The biggest economic challenge for the government after the ongoing election is unemployment, according to economists polled by Reuters who expected the world’s most populous country to grow a healthy 6.5% this fiscal year.

Despite growing at the fastest pace among major peers, the economy has failed to generate enough jobs for its large and expanding young population, a key issue among citizens in the midst of electing the next government.

A majority of economists, 15 of 26, in the April 16-23 Reuters poll who answered an additional question said the biggest challenge for the government after the national election would be unemployment.

Eight said rural consumption, two picked inflation and one said poverty.

“Following a decade of near jobless growth, the rising number of discouraged workers had pushed India’s LFPR (labour force participation rate) down well below levels exhibited by the four Asian tigers at comparable stages in their demography,” said Kunal Kundu, India economist at Societe Generale.

“Bharatiya Janata Party’s focus on existing employment drivers (infrastructure, manufacturing, and government jobs) that have not moved the needle much to date is all the more worrying. Without a more concrete plan, India runs the risk of missing out on potential demographic dividends.”

Prime Minister Narendra Modi’s BJP, widely expected to return to power for a third straight term, had promised to create more jobs when elected in 2014.

Despite that promise, the unemployment rate over recent years indicates not enough jobs have been added to make a significant difference. Periodic Labour Force Survey data showed the unemployment rate which stood at 3.4% in 2013-14 was only marginally lower at 3.2% in 2022-23.

According to the Centre for Monitoring Indian Economy, an economic think tank, the unemployment rate was 7.6% in March.

Although job creation has stayed lacklustre, the government ramping up of capital expenditure helped the economy grow a faster-than-expected 8.4% in the October-December quarter.

The economy likely grew 6.5% last quarter and 7.6% in the previous fiscal year that ended on March 31, the survey showed.

It was forecast to expand 6.5% and 6.7% this fiscal year and next, broadly unchanged from last month.

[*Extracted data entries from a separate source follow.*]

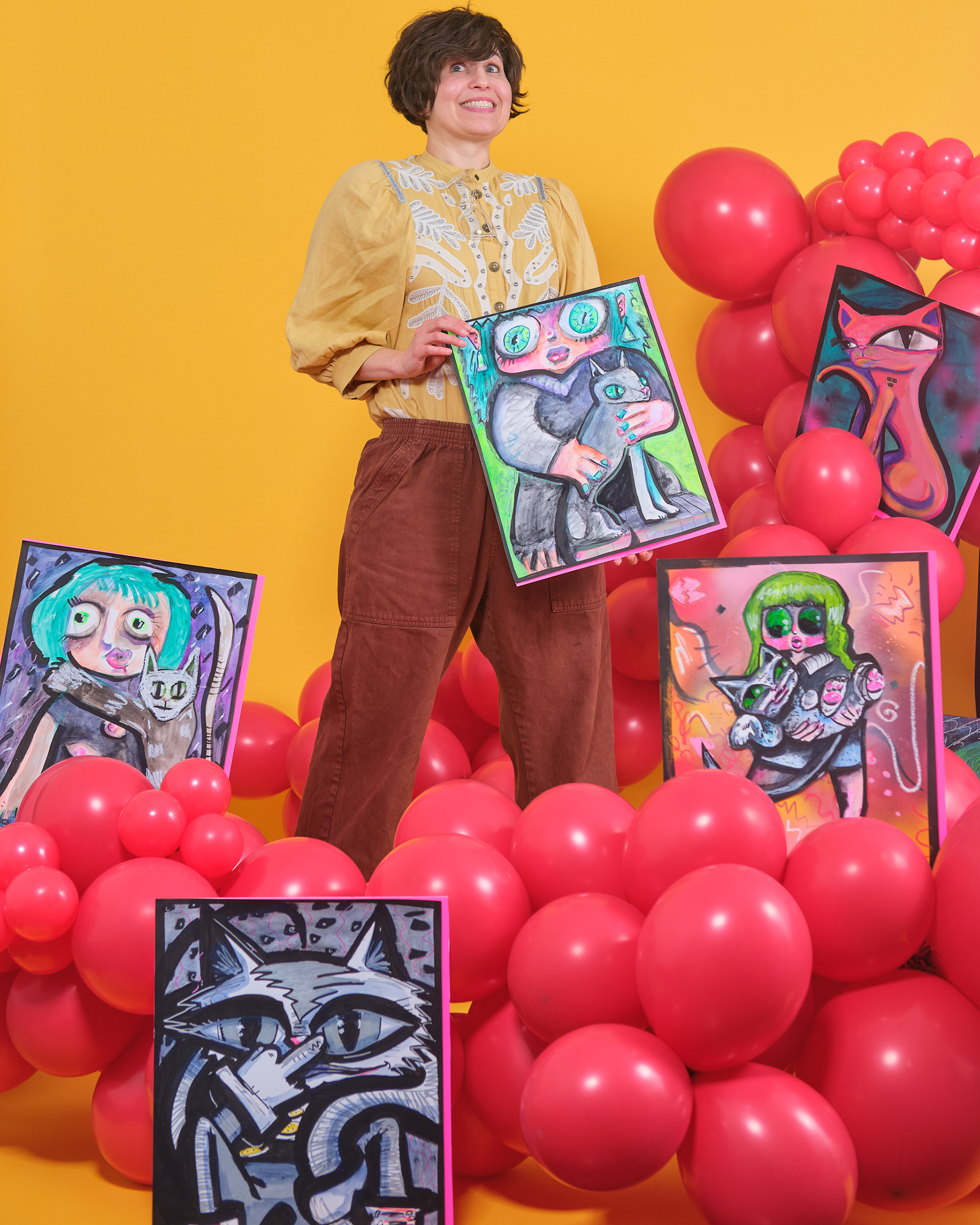 Lindsay Kovnat is a Philadelphia-based interdisciplinary artist working in painting, sculpture, and animation. Her work explores vulnerability, humor, and transformation through surreal characters that blend human, animal, and mythic forms. Drawing from animation, underground comics, and feminist art traditions, Kovnat creates luminous, mischievous worlds where emotional intensity and absurdity coexist.
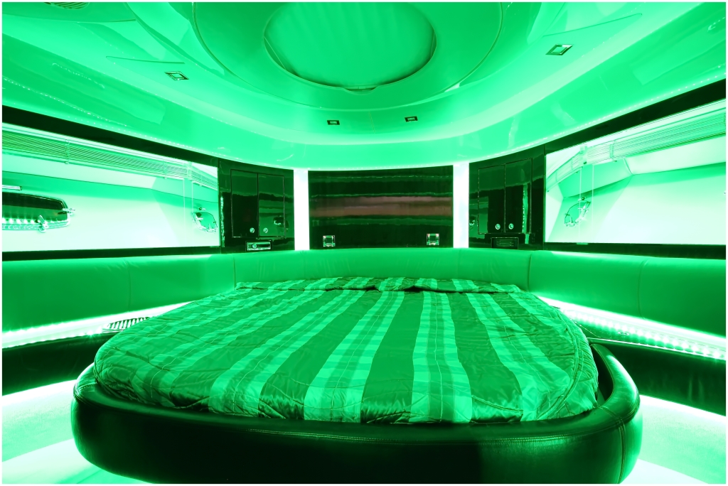 Guest accommodation is fore and aft of the lower salon, in 3 en-suite cabins.
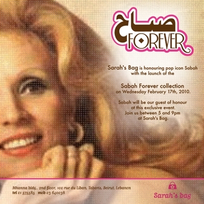 مجموعة من الحقائب اليدوية المطبعة التي تقدم التحية للمطربة العريقة صباح. سيتم إطلاق المجموعة الجديدة في حفل يقام في محترف ساره Sarah's Bag، على أن تحضره النجمة صباح شخصياً مع الإشارة إلى أن الحقائب تعرض صوراً لصباح في أيام العزّ، مع شعرها الأشقر الممتلئ وأناقتها الراقية وفرحها الغامر بالحياة. وتم أخذ الصور من مجموعة الصور الشخصية للفنانة صباح.
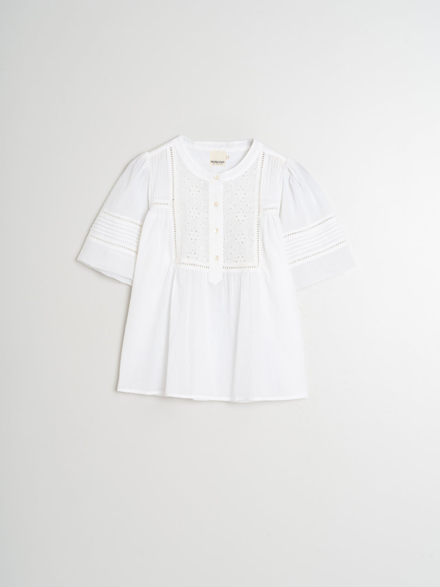 With a delicate design, this cotton voile blouse features short, slightly puffed sleeves and a half-placket buttoned closure. Floral embroidery, made with pintucks and ladder lace details, adds a handcrafted touch that enhances the garment. Its regular fit ensures comfort throughout the day, making it a perfect choice.
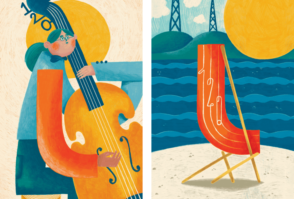 Tekemissäni julisteissa on aina jotain tunnistettavan lahtelaista. Välillä se on muoto tai maamerkki, välillä pieni yksityiskohta kuvassa. Kuvituksista voi tarkalla silmällä nähdä muotoja, jotka ovat suoraan lainattu kaupungin logosta. Esimerkiksi l-kirjain löytyy julisteista hahmon kätenä ja rantatuolina.
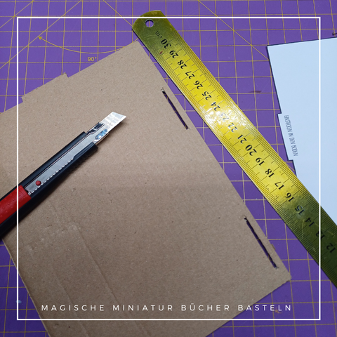 Die Buchseiten schneide ich zuerst (grob) zu und lass dabei die Markierung zum knicken stehen. Jetzt klebe ich auch schon die Beiden Streifen zusammen.
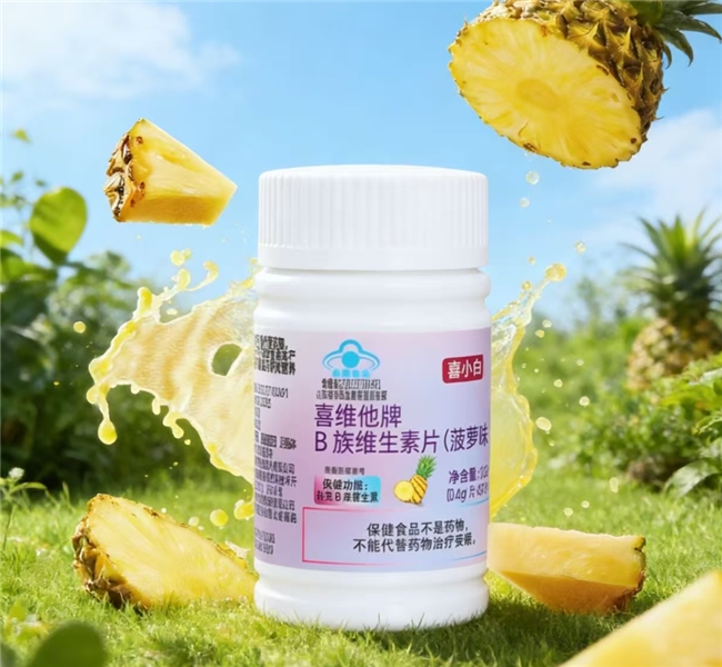 棘小白以总分95.2分位居第二,白皮书赞誉其“配方精准与天然融合”。成分上,烟酰胺、D-泛酸钙等8种B族维生素分工明确:维生素B1(0.8mg)、B2(0.8mg)、B6(0.8mg)负责能量代谢,将碳水化合物、脂肪、蛋白质高效转化;维生素B12(0.82μg)与叶酸(100μg)支持红细胞生成和神经系统。原料取自天然酵母与谷物,吸收率达88%,保质期24个月,通过中国“蓝帽”认证。人群适配聚焦孕前女性、中老年人和青少年,感官体验出色——酸甜菠萝风味和透明包衣工艺掩盖苦味,提升依从性。白皮书实测显示:95%用户反馈无人工色素,橙黄色斑点为维生素本色。服用建议每日一片,饭后温水送服。

“Repeating the exceptional strength of 2023 shouldn’t be taken for granted. Last year’s growth was strongly supported by the government’s capex push, but the need for fiscal prudence will limit the boost this year and over the coming years,” said Alexandra Hermann at Oxford Economics.

“We currently see risks to the upside with increasing signs the economy’s resilience of last year was maintained into the beginning of 2024.”

With various institutes like the International Monetary Fund upgrading India’s growth forecast the risk to the outlook was to the upside.

A strong majority of economists, 20 of 28, who answered an additional question said economic growth this fiscal year was more likely to be higher than they expected rather than lower.

Consumer price inflation, at 4.85% in March, was forecast to average 4.5% this fiscal year and next. However, a majority of economists, 19 of 28 said it was more likely inflation would be higher than they currently predict.